The world is simpler when we believe what we see, hear and read. But our role as teachers and researchers in education is to agitate, unsettle, confuse, argue, probe, question and offer alternatives.
A way to be inspired in this task is to log into Teachers TV. It is an important portal of resources for educators at all levels of the system. Via both a televisual and an online presence, it offers ideas and options. It is inspiring to see case studies from teachers that detail how to handle the challenges of curriculum with experience and expertise.
Teachers TV is currently offering a visual presentation titled “Secondary ICT Web Literacy” at www.teachers.tv/video/5425. The voiceover is ominous: “Listen to these Year Nines and be afraid, very afraid.” The footage is even more chilling.

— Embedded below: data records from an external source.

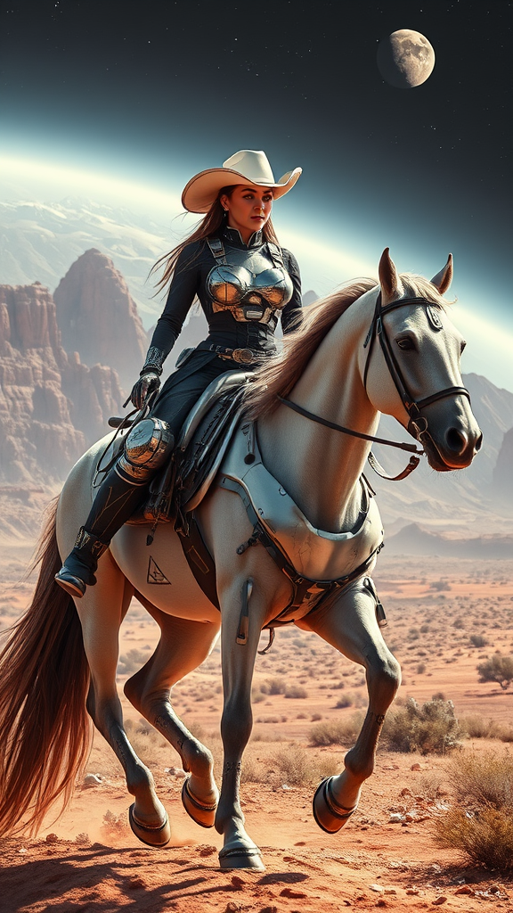 A stunningly beautiful space cowgirl astride a sleek, technologically-advanced horse, set against a dramatic backdrop of a wild west sci-fi landscape blended with futuristic elements; her attire is an exquisite blend of classic cowgirl style and cutting-edge space-age fashion with intricate detailing; the scene is captured in ultra-realistic photography with incredible depth and clarity, embodying a vivid sense of adventure and the vastness of space, rendered in breathtaking 8K resolution, with a focus on the long, expansive 9:16 cinematic aspect ratio, evoking a sense of vibrant energy and daring spirit.
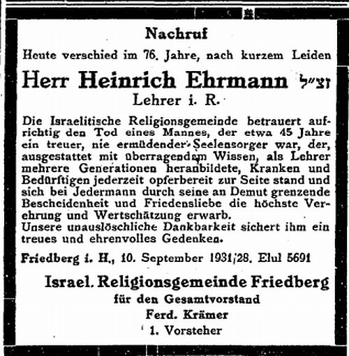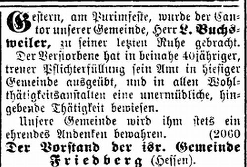 Tod ist das Rabbinat Friedberg erloschen. Die jüdische Gemeinde wurde 1842 dem
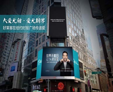 4月21日,好萊客“世界無醛日,讓TA更安全”登陸美國紐約時代廣場,向世界傳遞對白血病兒童的關注與愛護,更借此機會讓更多人關注并幫助白血病兒童。
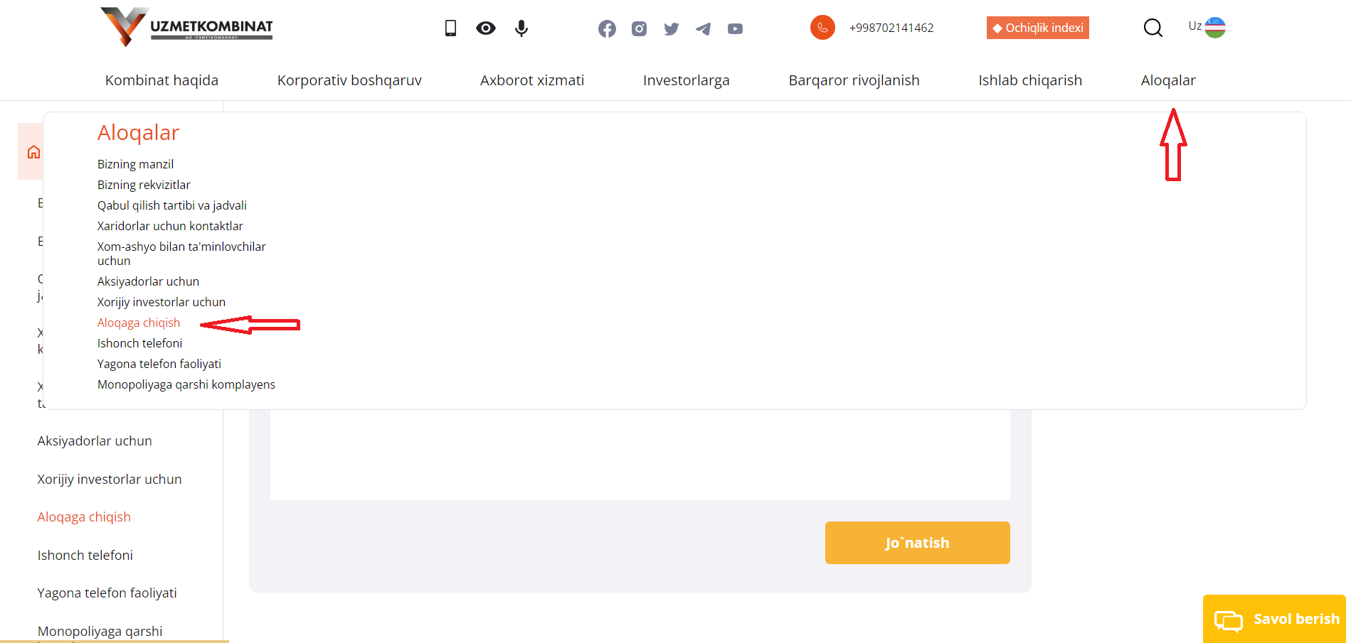Mas`ul shaxs bilan bog`lanish:

The confusion between finding and believing, searching and using, is not only damaging these students’ scholarly development, but also their capacity to comprehend, interpret and argue. It was only when the brilliant James Green took them on a journey through their miscomprehension and the consequences of it that they realised the cost of believing, not thinking.
Their “interpretation” of a fictitious Victorian robot site did not extend beyond enjoying the colours and presentation of the homepage. That was enough to make it “useful for history”. The anti-Martin Luther King and Holocaust-doubting websites were also believed without question. Students found them appropriate and informative. No concerns or doubts emerged through their initial search, viewing and discussion.
This footage demonstrates the gap between being taught a skill and being able to apply it. For all of us – at all levels of the education system – we need to share and develop strategies to ensure that the skills students hold in information management are used in their daily lives. One strategy I have deployed over the past decade was to create a list of ten questions that students should ask of any source they contemplate using for activities beyond shoe-shopping and buying stationery:
1. Who authored the information?
2. What expertise does the writer have to comment?
3. What evidence is used? Are references used in the piece?
4. What genre is the document: government report, academic paper, blog, journalism?
5. Is the site/document/report funded by an institution?
6. What argument is being made?
7. When was the text produced?
8. Why did this information emerge at this point in history?
9. Who is the audience for this information?
10. What is not being discussed and what are the political consequences of that absence?
The most provocative and important questions when teaching Media and Cultural Studies have been three, four, nine and ten. Asking students to think about what is not being mentioned has been the basis of countless honours dissertations and a range of doctoral chapters. What is not talked about is often more important than what is visible, obvious and discussed.
There are many such checklists and interventions generated around the world. Their shared objective is to make sure that students learn to stop and search, inserting pauses in their cycles of Googling, clicking and trusting. In organising this moment of reflection through structured questions, they have a chance to apply what they already know to assist their research.
It is only when creating that pause between clicking and copying that information can be shaped into knowledge. Victorian robots can become a site of humour, not a source to rewrite the history of technology, and Holocaust doubters can be held up for both ridicule and resistance.